Minka steps forward, meeting the woman’s eyes, and notnotinterferes. “Yes, Mrs. Patterson. I’m Chief Medical Examiner, Minka Mayet. We met two days ago, but it was brief, and you’ve had a lot—”

“Do you know when we can bury Jason?” She gulps down fresh air and hiccups when it catches in her throat. “Everyone is calling me, but I don’t know what to say, because you haven’t released him from your office yet.”

“Soon.” She comes forward another step—interfering—and takes Whitney’s hands in hers. “Just as soon as the detectives clear him, I’ll help you make the arrangements.”

“The detect—”

“But I’ve been careful with him,” she pushes on when ‘when the detectives clear him,’ seems to upset her. “I have staff inside my building twenty-four hours a day, and I promise you, he’s being taken care of to the very best of our abilities.”

“Maybe don’t try so hard,” Jace, the teen, interjects angrily. He stands taller when we look his way, and puffs his chest forward.Man of the house. “My dad cheated on my mom,” he grits out. “He made a promise when they got married, and he broke it.”

“Jace,” Whitney starts. “Honey…”

“If you wanna fuck around, eventually, you’re gonna find out what happens.” He looks up and meets my eyes. “I can grieve my dad’s death but still be angry he’s a dick, right?”

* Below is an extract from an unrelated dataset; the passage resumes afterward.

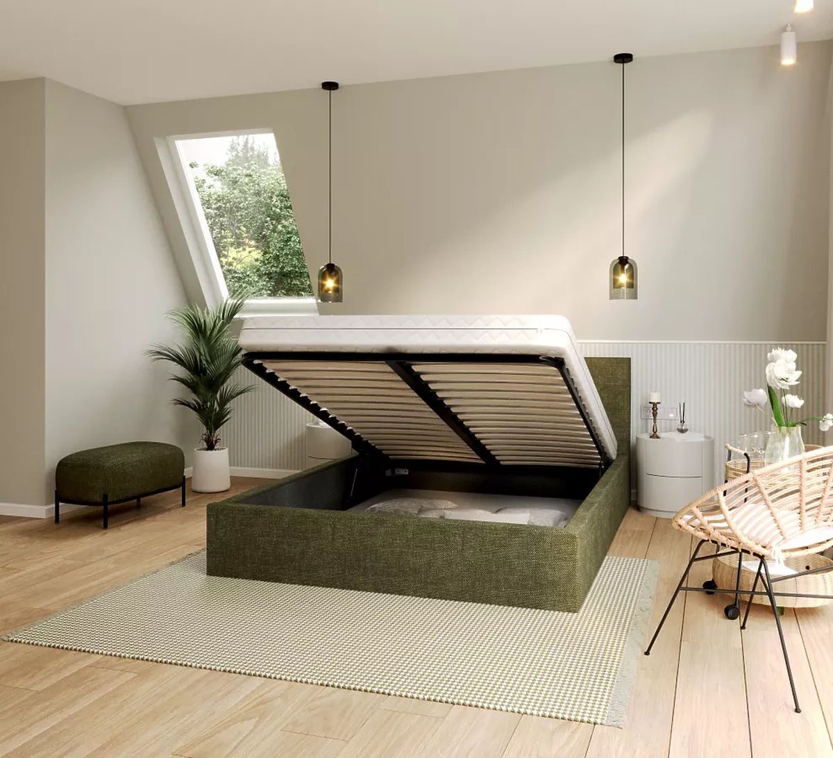 The use of high-quality furniture board in the construction of the bed increases its strength and durability. This means that the bed can withstand stress and pressure, which is key to safety and comfort while sleeping. The combination of a lifting grid and lifting pistons to create useful storage space under the bed is a great solution for bedrooms with limited storage space.

“Yeah.” I work hard not to think of my own father. A death I somewhat, somehow, somewhere deep in my psyche, grieve. But that doesn’t mean I’m not brutally aware of the fact he was a dick. “Yeah, you can feel those things, Jace. They’re valid.”

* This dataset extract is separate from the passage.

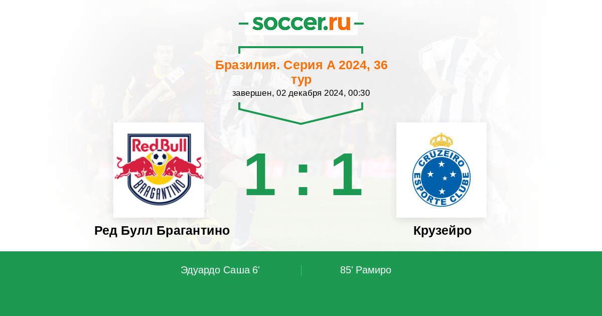 Протокол матча Ред Булл Брагантино против Крузейро
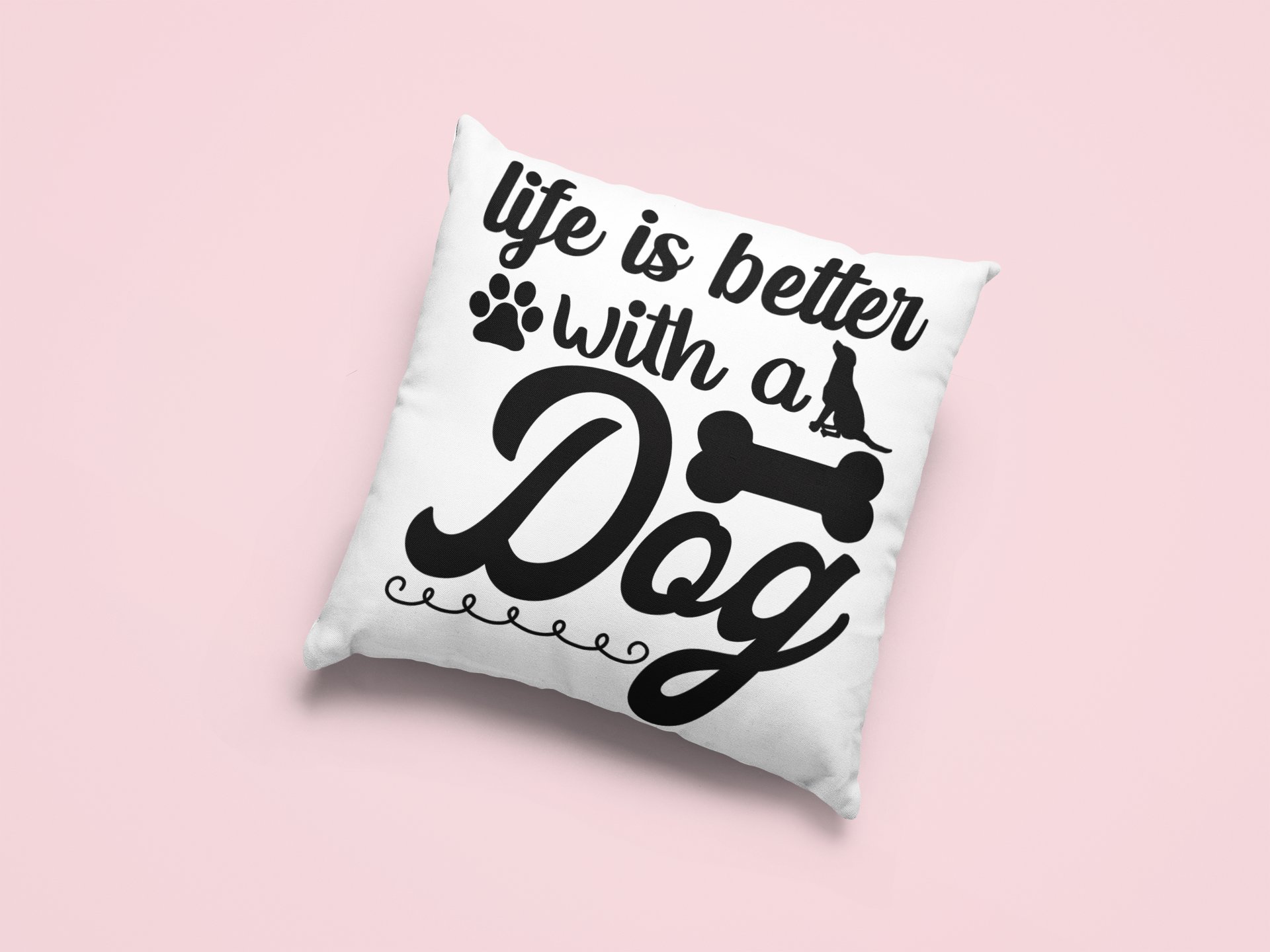 Life Is Better With Dogs text in black -Printed Pillow Covers For Pet Lovers(Pack Of Two)

“I want you to find her for what she did,” he murmurs. “Because she killed a person. But maybe you could go easy on her, too. Because she’s having a baby.” His voice breaks. “She’s having my sister.”

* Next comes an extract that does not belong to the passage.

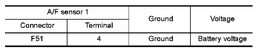 3.Check the voltage between A/F sensor 1 harness connector and ground.

“Oh god.” Devastated, Whitney drops her face and sobs. “Oh my god.”

“It’s not the baby’s fault her father’s a prick and her mom did something crazy. So…” He lifts his shoulders, then lets them drop heavily. “I dunno. Maybe she was always crazy and she deserves to be in trouble. But maybe he made her that way, too, ya know? Because he was a dick.”

“Maybe.” I take a step back, discretely wrapping my finger in the loop of Minka’s jeans to pull her away too. If I’m going, she’s coming with me. “Can I start with you, Mrs. Patterson? Detective Fletcher can talk to Jace. Then we’ll switch.”

“Yep.” Fletch gestures toward his left. “Come on, bud. We’ll get this done so you can go back inside and get some breakfast. Waking up so early on a Sunday is practically criminal, huh?”

He chuckles. Just one single bubble in the back of his throat. But it quickly ends with tears on his cheeks and his hair flopping onto his brow. “Okay.”

While Fletch’s phone trills and he takes it out to study the screen with a scowl, they walk toward the porch together and leave us to our work.

* * *

“Ihave no clue why the hell she was there.” I keep Minka’s hand in mine and walk through our apartment door around lunchtime.

After interviews conducted, statements taken, neighbors canvassed, fingerprints pulled from the Pattersons’ front door and window, and a meal served to-go by a grieving widow who is equal parts distressed that her husband is dead, and enraged that he was a piece of shit, Minka and I—and Fletch too—have no choice but to sit back and wait.

For street footage to come back and give us a plate.

For facial recognition software to pull her identity when she ran a red escaping the Pattersons’ street.

For prints to come back, and for our tech team to find out Molly Jensen’s real identity.

Homicide investigations are rarely high octane, go-go-go, running around a city and chasing down a killer.

Most often, it’s waiting for reports and writing a million others.